For both, the (mechanical) performance and environmental benefits, it is not surprising that the main drivers of composites demand in Europe have been the automotive, aerospace construction and infrastructure sectors. However, the wind energy, electronics, and sports and leisure sectors are evolving into important sectors.
However, a growing concern regarding the use of FRPC is that their intrinsic complexity seems to be at odds with the current European agenda on circularity and sustainability. The same inherent properties that make composite materials so advantageous and attractive for a large number of applications also makes their disassembly and recycling particularly challenging and costly.

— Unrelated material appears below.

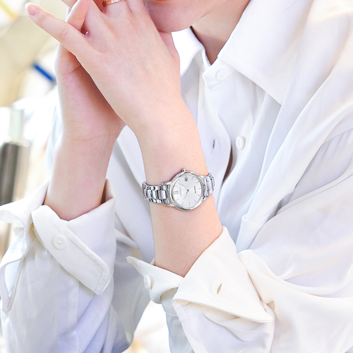 优雅于型,精致于芯,简约的银色表盘搭配极简刻度,优雅柔和,采用管动能机芯,有光就能为手表提供能量,使用非常便利。

Without the proper strategies in place, this inevitably results in large amounts of waste being generated, ending up in landfills or incinerated. In some application areas (e.g. aeronautics), as much as 40% of the raw materials used end up either as production scrap or in off-spec parts, representing a major loss of resources and energy if not recycled. Post-use FRPC waste presents an even bigger challenge in terms of residual value extraction through recycling or re-use. Some 40.000 tonnes of composite waste are currently deposited in Europe’s landfills annually and, by the end of 2015, 304.000 tonnes of composite waste were estimated to have accumulated worldwide.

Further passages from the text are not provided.